Guide to the Markets
Trends for the economic scenario and markets.
Check out below the main perspectives for the global economy and markets. Gabriela Santos, Global Markets Strategist, highlights the main themes and concerns that impact investors and their decisions, based on information from Guide to the Markets – Latin America.
Guide to the Markets
A summary of the latest trends in the markets (January 2022)
This year has started with a lot of volatility in bond and equity markets due to one main question: how quickly will central banks normalize policy this year? In particular, investors are keenly focused on the U.S. Federal Reserve policy changes this year. This has resulted in more than 25bps increases in the 10 year yield, almost 20bps increase in the 2 year yield, and negative returns in equity markets, especially technology companies. We do believe the Fed has changed direction and is now focused on normalizing its policy, due to 3 main reasons: a strong economy, very strong labor market, and high inflation
The economy is strong, with the U.S. economy likely growing 7% in the 4Q of last year. While the variant Omicron might depress services activity early this year, the Fed is comfortable that the economy has shown to be less and less exposed to the pandemic as medical solutions have improved and people and businesses have adapted.
The labor market is extremely strong, with the unemployment rate ending the year at 3.9% in December, below the Fed’s estimate of normal which is 4%. By many metrics, like record high open positions and quits rates, this is the strongest labor market we have seen in decades. As a result, the Fed believes we are at or very close to their maximum employment goal. Inflation is high and sticky inflationary pressures are increasing. Headline CPI inflation likely ended the year above 7%, with the core above 5%. While there is some confidence inflation will moderate this year as commodity prices stabilize and goods prices decelerate, there are also clear signs that there are sticky elements to inflation too. Rental inflation has been increasing at the fastest pace in 3 decades and wage growth is rising 5.8% year over year. As a result, the Fed minutes showed inflation is now considered the main risk to the Fed’s mandate.

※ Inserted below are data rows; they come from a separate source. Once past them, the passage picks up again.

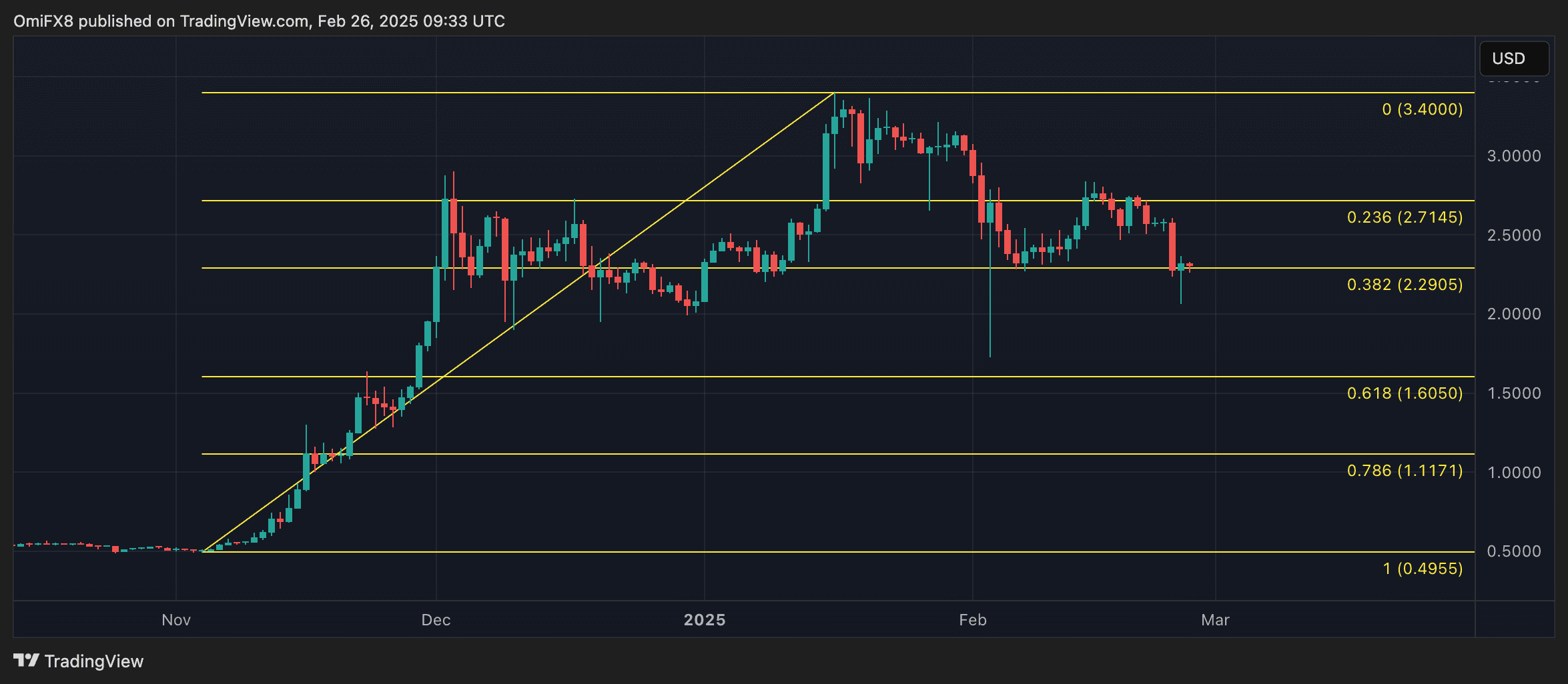 Payments-focused cryptocurrency XRP is down but not out, whereas the outlook for dogecoin (DOGE) appears grim, based on an analysis of Fibonacci retracement levels. XRP reached a peak of $3.40 in mid-January and has since entered a downtrend, with the price dropping 25% this month to $2.28, according to data from TradingView and CoinDesk. While the sell-off has been steep, it corresponds to only a 38.2% Fibonacci retracement of the rally that started at Nov. 4’s low of 49.5 cents through the Jan. 16 high of $3.40. A retracement is…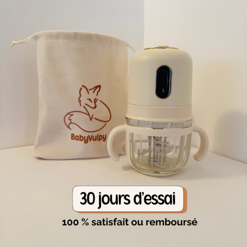 Le mixeur bébé portable BabyVulpy a été conçu pour accompagner les parents dans la préparation de repas frais, sains et faits maison, à la maison comme en déplacement. Grâce à son bol en verre borosilicate, ses lames en inox 316 et sa batterie rechargeable longue durée, il permet de mixer purées, compotes, morceaux fon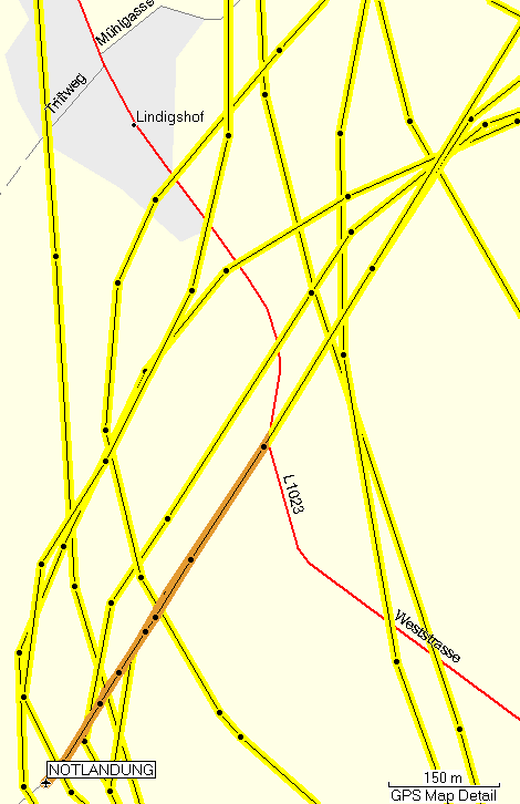 Die Landung wird dadurch erschwert, dass man die Linie nicht nur halten, sondern auch bei der Landung treffen muss. Hätte ich beim Feldweg daneben getroffen, dann wäre das möglicherweise schlecht ausgegangen.

As a result, the Fed is likely to normalize policy this year – and much more quickly than a decade ago after the financial crisis. Investors are now expecting 4 steps towards normalization all happening this year instead of spread out over 3 years. This quicker timetable than expected is due to a much stronger economy than after the financial crisis – and with higher inflation risk. The steps are:
– The Fed is set to end QE (or its new purchases of bonds) in March.
– The Fed is set to start raising interest rates in the first half of the year, either in March or June.
– The Fed is set to continue raising interest rates another 2-3 times, for a total of potentially 4 hikes.
– The Fed is set to start shrinking its balance sheet in the second half of the year.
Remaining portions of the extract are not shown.